▶ Exercise instructions
Without the pictures, set down every line of the data exactly.

▶ Given data
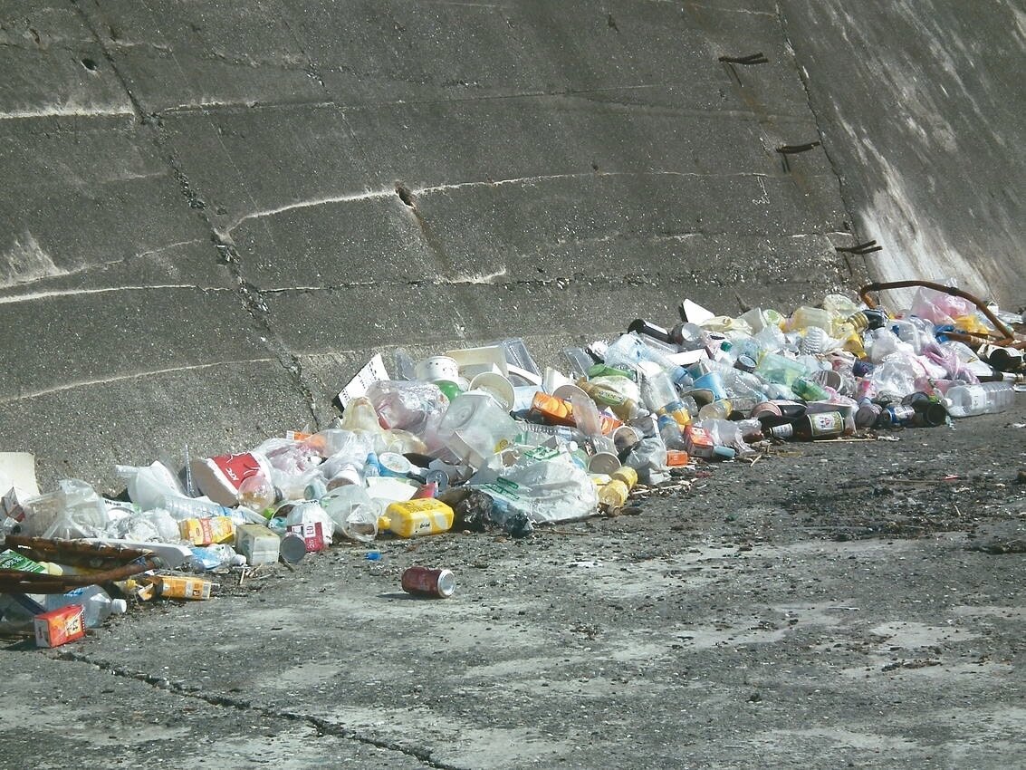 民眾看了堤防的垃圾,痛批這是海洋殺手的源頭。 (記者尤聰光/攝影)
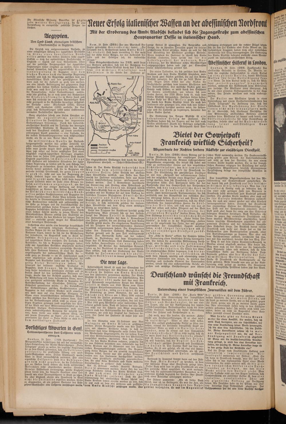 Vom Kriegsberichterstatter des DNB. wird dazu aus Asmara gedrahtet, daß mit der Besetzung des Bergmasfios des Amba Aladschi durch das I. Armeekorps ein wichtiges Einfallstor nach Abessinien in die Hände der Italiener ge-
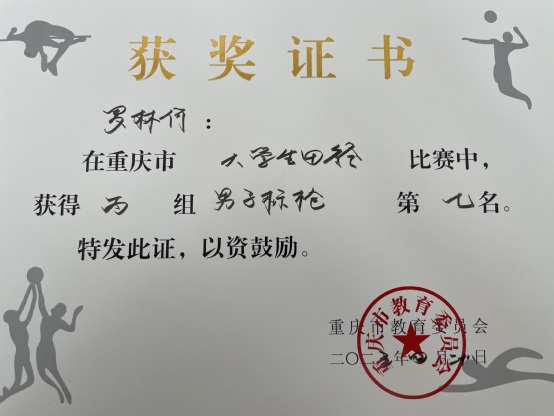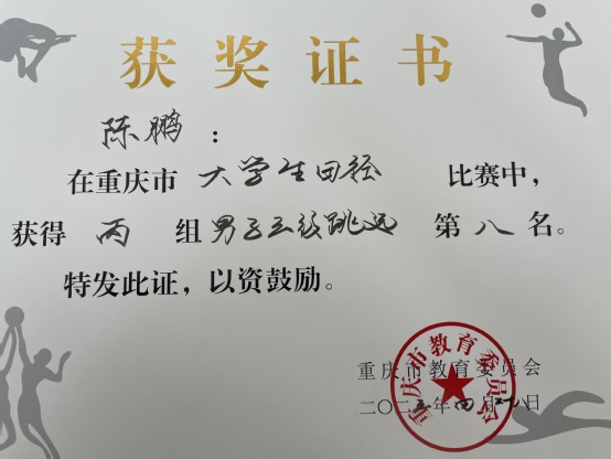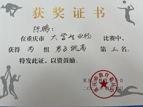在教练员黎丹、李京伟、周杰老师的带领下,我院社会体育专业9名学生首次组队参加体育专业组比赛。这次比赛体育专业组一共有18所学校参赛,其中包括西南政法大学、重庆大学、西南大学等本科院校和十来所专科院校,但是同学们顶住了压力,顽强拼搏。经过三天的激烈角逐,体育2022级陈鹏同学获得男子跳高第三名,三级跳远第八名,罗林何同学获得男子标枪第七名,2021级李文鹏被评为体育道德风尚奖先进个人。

▶ Solution to this exercise
 民眾看了堤防的垃圾,痛批這是海洋殺手的源頭。 (記者尤聰光/攝影)
 Vom Kriegsberichterstatter des DNB. wird dazu aus Asmara gedrahtet, daß mit der Besetzung des Bergmasfios des Amba Aladschi durch das I. Armeekorps ein wichtiges Einfallstor nach Abessinien in die Hände der Italiener ge-
在教练员黎丹、李京伟、周杰老师的带领下,我院社会体育专业9名学生首次组队参加体育专业组比赛。这次比赛体育专业组一共有18所学校参赛,其中包括西南政法大学、重庆大学、西南大学等本科院校和十来所专科院校,但是同学们顶住了压力,顽强拼搏。经过三天的激烈角逐,体育2022级陈鹏同学获得男子跳高第三名,三级跳远第八名,罗林何同学获得男子标枪第七名,2021级李文鹏被评为体育道德风尚奖先进个人。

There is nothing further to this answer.